In a paper published on November 12, 2018 in the Astophysical Journal Letters titled “Could Solar Radiation Pressure Explain ‘Oumuamua’s Peculiar Acceleration?’, a pair of Harvard researchers suggest “a more exotic scenario is that ‘Oumauamua may be a fully operational probe sent intentionally to Earth vicinity by an alien civilization.”

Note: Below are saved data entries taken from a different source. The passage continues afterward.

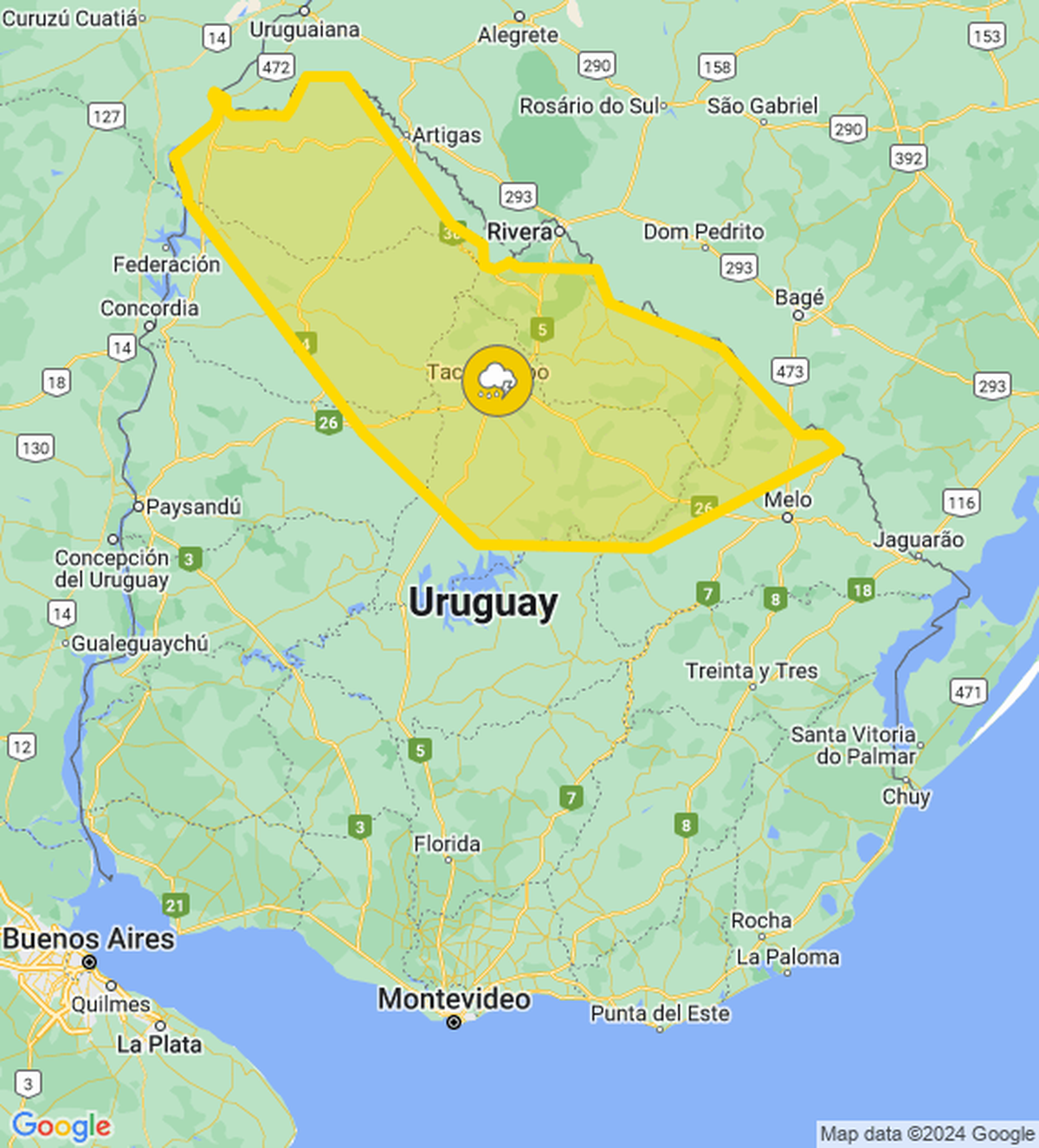 Hay alerta amarilla vigente por tormentas fuertes y lluvias intensas, informó el Instituto Uruguayo de Meteorología (Inumet). Rige hasta las 20:45.
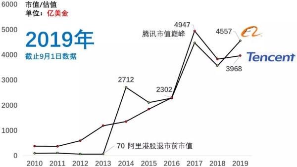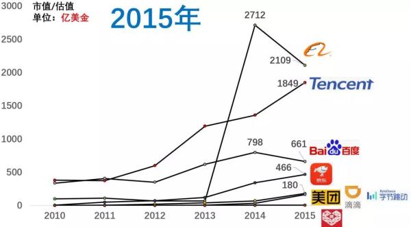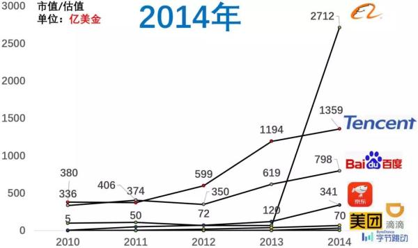 百度、阿里因为缺乏移动互联网的杀手级应用,市值被低估,阿里这一年还从港股退市了,市值定格在70亿美金。
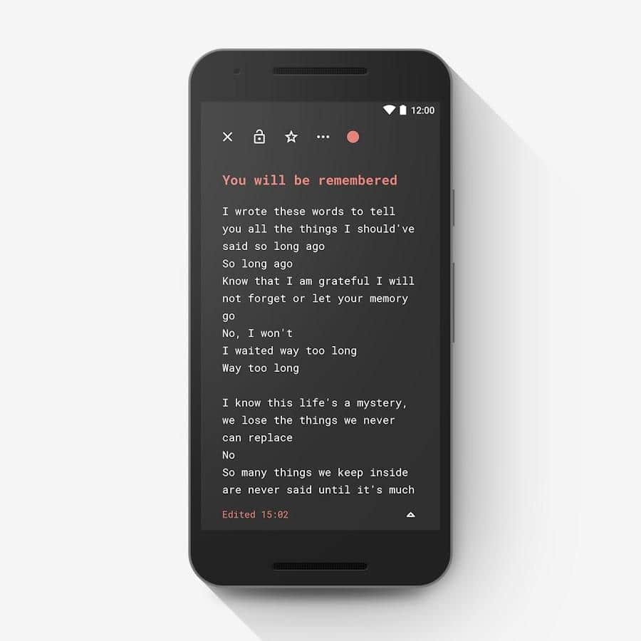 Notas de material: Las notas coloridas son una solución simple para aquellos que a menudo olvidan algo. Estas notas no solo son cómodas, sino también bastante versátiles. Podrás elegir los colores que las distinguirán por su importancia o para distinguir una categoría específica de notas. Además, para la seguridad de tus datos, necesitarás confirmar el código de acceso, lo que significa que tus datos solo estarán disponibles para ti. En general, la aplicación es bastante simple y no consume muchos recursos del smartphone, lo que la hace única.
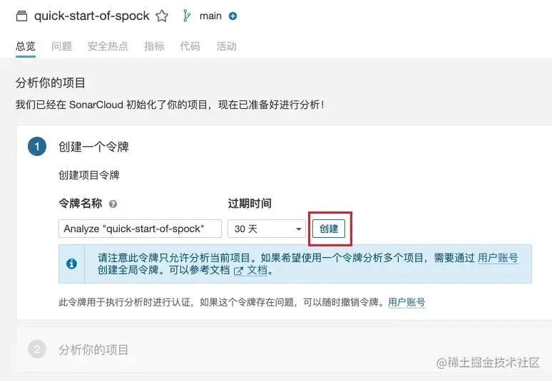 接着,创建一个 token 令牌,点击创建按钮,如下图所示。
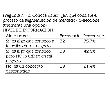 En esta pregunta se aprecia que un 42,9% personas encuestadas afirman que conocen el proceso de segmentación de mercado pero que no lo utilizan en su negocio. Además, se observa que el 21,4% desconocen del tema para poder promocionar a sus negocios.
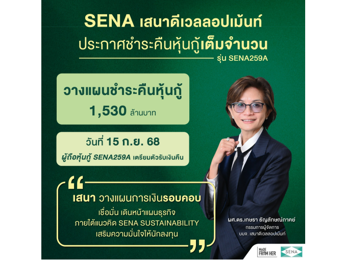 ในวันที่เศรษฐกิจยังมีความไม่แน่นอน แต่ “การเงินเสนา” ยังนิ่งและเป๊ะ! ดร.ยุ้ย – เกษรา ธัญลักษณ์ภาคย์ กรรมการผู้จัดการ บริษัท เสนาดีเวลลอปเม้นท์ จำกัด (มหาชน) ประกาศชำระคืนหุ้นกู้รุ่น SENA259A ครบทั้งจำนวน มูลค่า 1,530 ล้านบาท ในวันที่ 15 กันยายนนี้ ผู้ถือหุ้นกู้เตรียมตัวรับเงินคืน
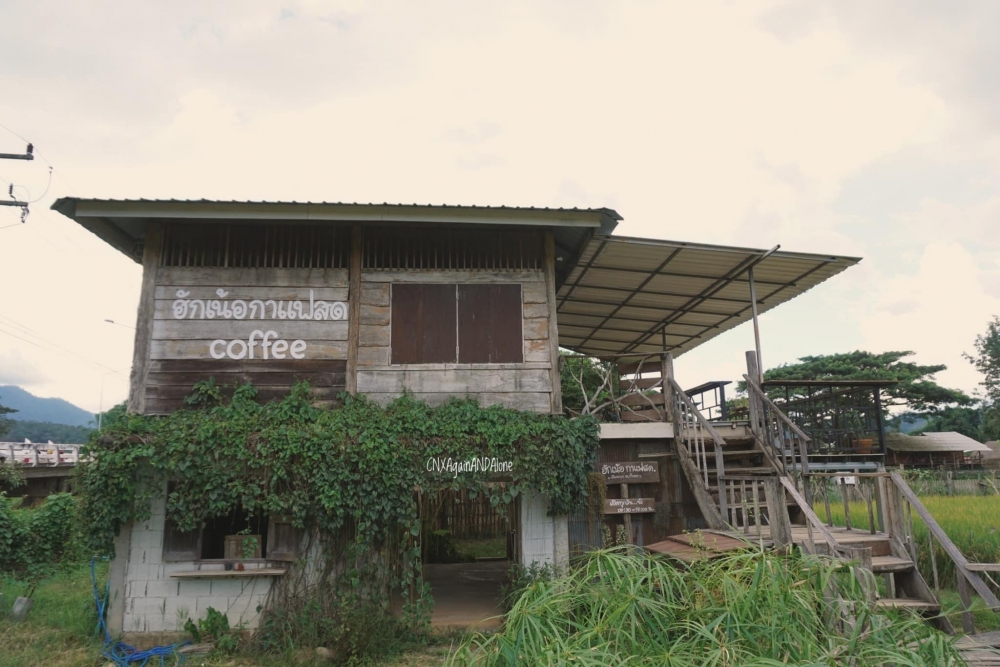 ตั้งกล้อง ตั้งเวลา วิ่งงงงงงงง..  ร่างกายต้องของน้ำหวาน.. เรามาแวะสั่งชาเขียวที่ร้านฮักเน้อออออ.. เป็นคาเฟ่ในเมืองคองที่น่ารัก บรรยากาศดี วิวโคตรงามมมมมม ทางเข้าร้านเป็นสะพานสานด้วยไม้ไผ่ ตัวร้านเป็นบ้านไม้ 2ชั้น

The Object’s presumed density, odd trajectory, sudden acceleration and the way it rotates unlike any other asteroid known to exist, leads researchers Shmuek Bialy and Abraham Loeb to this possibility and several others including that the object is a lightsail similar to those designed on Earth (IKAROS Project and the Starshot Initiative). They summarize that utilizing solar radiation pressure, although the object is thin, it is capable of traveling galactic distances while maintaining its momentum and unaffected by collisional destruction.

 

As of July 2018 ‘Oumuamua is no longer visible to telescopes.  Its origin and amount of time spent sailing the stars remains unknown. Researchers hope that using the Large Synoptic Survey Telescope (LSST) to perform deep wide-area surveys will lead to the discovery of additional ‘Oumuamua-like objects for further investigating. If the object originated with a random trajectory, the numbers suggest that there may be many of these pancake like rocks (extremely oblate spheroids) floating out in the Cosmos. However, if one assumes ‘Oumuamua arrived in our solar system as a targeted probe, this discrepancy is resolved. So far, it’s the only one of its kind we got. Perhaps one day, studying this phenomenon may lead to our own civilization’s development of interstellar travel technology.